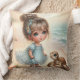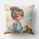 Une Adorable Petite Fille Sur La Plage Avec Ses Enfants Tortues Jetant L'Oreiller
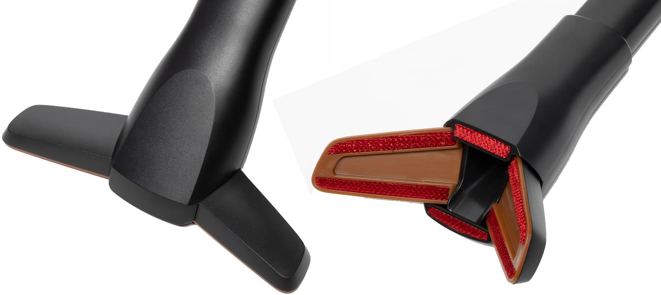 На нижней части насадки закреплена велюровая накладка алого цвета, облегчающая скольжение по мебельной ткани.
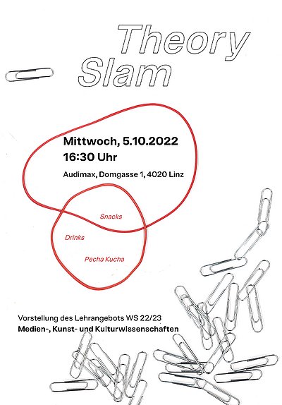 Die einzelnen Theorie-Lehrveranstaltungen des kommenden Wintersemesters werden zu Semesterbeginn beim Theory Slam im Pecha Kucha-Format vorgestellt. Stattfinden wird der Theory Slam diesmal im Audimax, anschließend gibt es ein Get-Together mit Snacks und Drinks. Die Veranstaltung ist für alle Studienrichtungen offen.
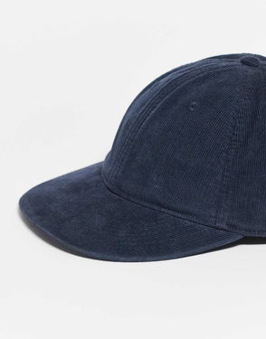 Corduroy cap in a six-panel baseball style featuring a flat peak. Adjustable strap with a metal buckle.
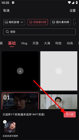 3、在素材选择页面,选择要编辑的视频素材后,点击下一步,进入视频编辑页面。
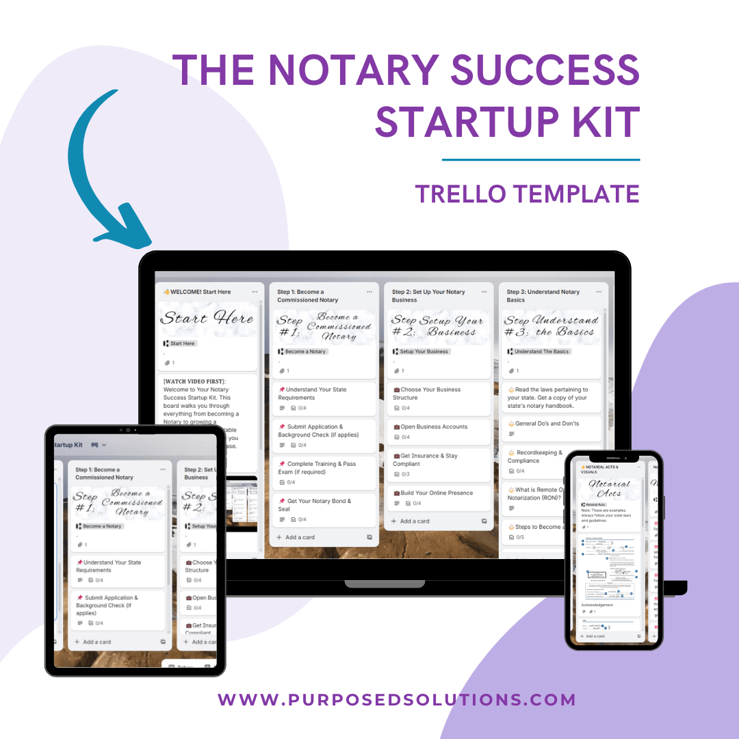 The Notary Success Starter Kit is a professionally organized Trello board designed for aspiring and newly commissioned notaries who want clear guidance, structure, and ready-to-use tools without feeling overwhelmed. Whether you are just getting started or looking to streamline your notary business setup, this board walks you step-by-step from beginner to confident professional.
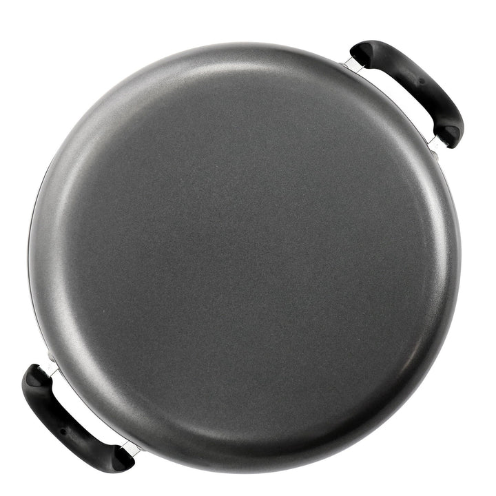 The Gibson Everyday 12 Inch Highberry Nonstick All Purpose Pan with Lid in Grey suits chefs of all skill ranges. It's nonstick interior provides easy food release and fast cleaning afterwards. The bakelight knob and handles stay cool to the touch through out the entire cooking process. For long lasting care and quality, hand wash the pan. The unique deep pan makes it possible to sear, saute, deep fry, and stew for a multitude of meals.
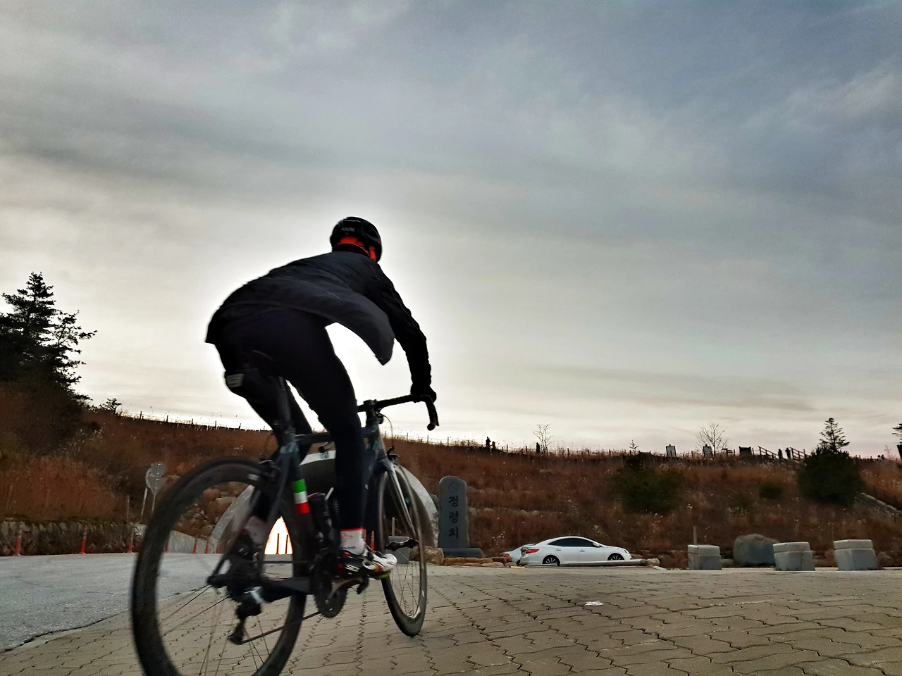 저 멀리 정령치 너머로 해는 기울었고, 맞은편으로 느릿느릿 내려오는 차들은 전조등을 밝혔다. 지프의 운전자는 일부러 창을 내려, 내게 "화이팅"을 외쳐준다. 늘 이런분을 만나면 고맙고 반갑다. 물론, 나 같은 무모한 라이더들이 신기하기도 했을 것이다.
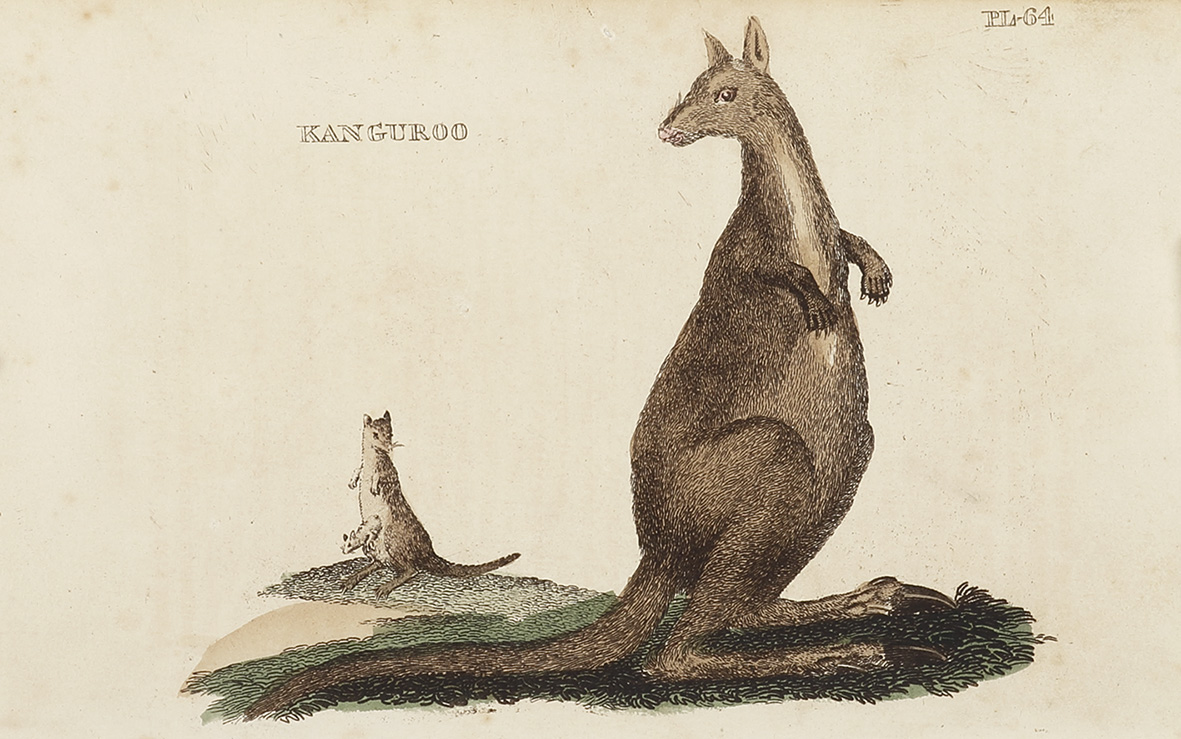 Early c.19th engraving of a kangaroo, the female is shown with a Joey in its pouch. The pose with head turned to the left and paws close to its chest is based on the first image of the Kangaroo made by George Stubbs and published as an engraving in the accounts of James Cook’s first voyage in 1773.
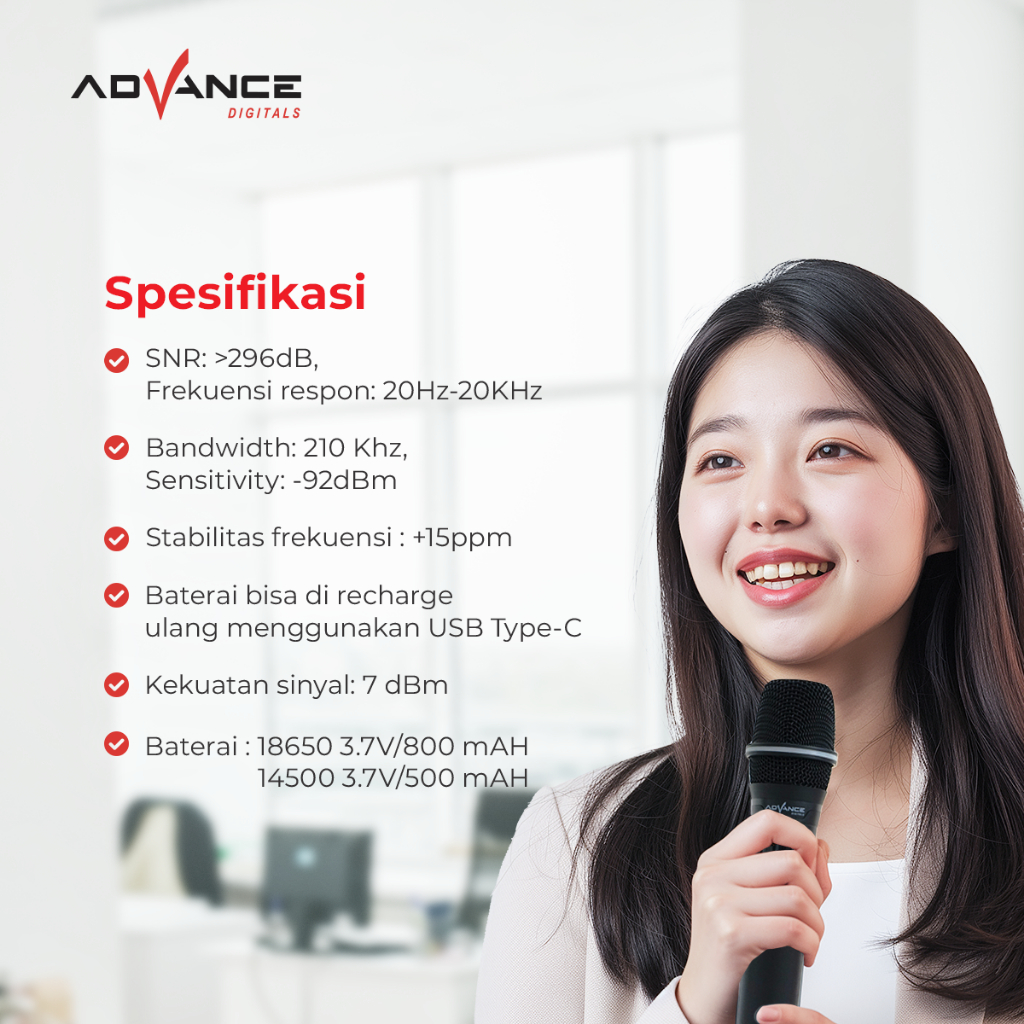 TERLARIS ADVANCE MIC208 PLUS PROFESIONAL MICROPHONE WIRELESS ISI 4 MICROPHONE JACK 65MM GARANSI 1 TAHUN

▶ ASSIGNMENT:
Reproduce verbatim the opening line of the material and every line after it, up to and including the line with "3、在素材选择页面,选择要编辑的视频素材后,点击下一步,进入视频编辑页面。", but no pictures.

▶ COMPLETED TASK:
 Une Adorable Petite Fille Sur La Plage Avec Ses Enfants Tortues Jetant L'Oreiller
 На нижней части насадки закреплена велюровая накладка алого цвета, облегчающая скольжение по мебельной ткани.
 Die einzelnen Theorie-Lehrveranstaltungen des kommenden Wintersemesters werden zu Semesterbeginn beim Theory Slam im Pecha Kucha-Format vorgestellt. Stattfinden wird der Theory Slam diesmal im Audimax, anschließend gibt es ein Get-Together mit Snacks und Drinks. Die Veranstaltung ist für alle Studienrichtungen offen.
 Corduroy cap in a six-panel baseball style featuring a flat peak. Adjustable strap with a metal buckle.
 3、在素材选择页面,选择要编辑的视频素材后,点击下一步,进入视频编辑页面。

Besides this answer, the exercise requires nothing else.